The bearing pin isnt necessary. You can just lean one end of the wood against the locked in place fence, and then once youre cutting, just move away from it.

I started with a pin, but never use it now. Warning. DO NOT try to use a bearing cutter without some form of rest. it will take the wood away from you and throw it out the door (assuming youre not standing in the way).


----------



## ED65 (4 Nov 2017)

Looks good Rorschach. Great example of just how simple a router table can be, hope it works out well for you. 

To improve sliding along the fence in short order a good coat of paste wax will do a lot. The wax can go directly on the wood if need be but is best applied after partially sealing the wood with sanding sealer, a thin coat of shellac or dilute varnish, with the additional benefit that any of these will toughen up the surface slightly.


----------



## Eric The Viking (4 Nov 2017)

Bob is right: you can use anything as a lead-on pin, including the end of the fence. Before I had a posh table I've clamped a block of wood so that the end comes close to the router spindle (2-4" away). But my current one has a mitre track, so I can still do the same thing, but clamping it on the track rather than clamps - probably more secure.

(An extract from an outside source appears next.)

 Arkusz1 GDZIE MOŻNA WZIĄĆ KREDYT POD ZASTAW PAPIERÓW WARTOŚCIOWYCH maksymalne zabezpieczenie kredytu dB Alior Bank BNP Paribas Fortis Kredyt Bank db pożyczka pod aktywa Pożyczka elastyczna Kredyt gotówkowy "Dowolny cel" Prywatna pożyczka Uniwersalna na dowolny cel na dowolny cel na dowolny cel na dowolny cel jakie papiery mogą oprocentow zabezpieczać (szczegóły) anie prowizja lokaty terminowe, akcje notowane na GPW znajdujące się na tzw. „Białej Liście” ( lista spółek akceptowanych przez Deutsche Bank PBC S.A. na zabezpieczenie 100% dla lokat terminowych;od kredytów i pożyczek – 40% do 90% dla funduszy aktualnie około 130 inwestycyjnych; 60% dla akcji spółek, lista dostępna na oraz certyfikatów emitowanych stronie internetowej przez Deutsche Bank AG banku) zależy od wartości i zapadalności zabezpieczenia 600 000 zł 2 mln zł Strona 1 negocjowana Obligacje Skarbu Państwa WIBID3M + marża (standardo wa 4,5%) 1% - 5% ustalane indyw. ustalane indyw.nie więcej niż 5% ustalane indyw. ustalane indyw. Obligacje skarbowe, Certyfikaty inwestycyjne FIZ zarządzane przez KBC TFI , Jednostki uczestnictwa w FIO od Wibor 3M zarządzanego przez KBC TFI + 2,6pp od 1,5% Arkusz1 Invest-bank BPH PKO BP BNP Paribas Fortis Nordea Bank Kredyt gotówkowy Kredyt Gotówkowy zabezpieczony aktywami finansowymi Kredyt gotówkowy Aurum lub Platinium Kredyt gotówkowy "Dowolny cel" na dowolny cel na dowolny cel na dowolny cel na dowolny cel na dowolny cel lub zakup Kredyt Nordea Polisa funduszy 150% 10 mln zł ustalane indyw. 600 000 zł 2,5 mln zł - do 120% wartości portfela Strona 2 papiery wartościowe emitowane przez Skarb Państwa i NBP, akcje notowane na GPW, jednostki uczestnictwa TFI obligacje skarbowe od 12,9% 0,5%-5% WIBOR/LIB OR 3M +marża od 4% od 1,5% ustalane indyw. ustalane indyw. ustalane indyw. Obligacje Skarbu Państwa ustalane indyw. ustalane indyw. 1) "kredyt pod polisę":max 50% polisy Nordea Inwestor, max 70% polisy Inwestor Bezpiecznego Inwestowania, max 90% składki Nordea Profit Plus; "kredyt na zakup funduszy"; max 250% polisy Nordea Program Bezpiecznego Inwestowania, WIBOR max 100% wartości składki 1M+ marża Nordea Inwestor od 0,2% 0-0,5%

The reason for having it close to the cutter is really so that you get maximum control. There's a good argument for contriving one as/when you need to, so you can get the pivot point in the most comfortable place (as long as it can't slip - not life threatening, but usually a nasty surprise!). I'm not advocating a close-by pin because everyone else says so - but because it really is easier that way. The corner of a bit of scrap will serve, but the two points of contact - the bearing itself and the pivot - do make it much easier to keep good control. 

The other thing, of course, is depth of cut: If you're using a moulding cutter with the fence, it's easy to arrange shallower passes so the final one to depth takes a minute amount of wood. The cutter is barely cutting and the result is clean (don't tell anyone, but you might even climb-cut the very last, really thin pass for smoothness). 

With "freehand" moulding this is a lot harder to set up consistently, and the natural inclination of the cutter is to snatch the stock in, to full depth. There are various remedies I've seen for this, including 2-point fences (which don't use the bearing much until final depth, but need waste stock at each end of the wanted bit and a constant-radius curve), and even sticking tape round the bearing to increase its diameter (dead dodgy, IMHO). I have a really nice Wealden rebate cutter, with a selection of bearings to give different depths of rebate: a good, safe approach is to use bigger bearings to start off with and work down to the right rebate in steps. 

But controlling depth of cut is a weakness of "freehand" routing, especially in natural wood rather than man-made materials. You'll probably agree the first time you suddenly hit a bit of gnarly grain in hardwood... 

I've yet to need to make a sled for pattern routing, but it seems to be the most controllable approach, as you can get a good grip with both hands, well away from the sharp spinning bits.

I hope Custard is reading this, as it's the sort of thing he needs to do often (I'd guess), so he probably has a safe and good approach!).


----------



## Rorschach (4 Nov 2017)

Some really useful info there.

I think I will probably try some of kind of clamp on type deal when I do need to use a bearing guided bit rather than drill into the table more than necessary. I can also bore out of the fence to provide clearance to do a progressive cut too. Being such a small router I doubt it could handle taking most cutters at full depth anyway.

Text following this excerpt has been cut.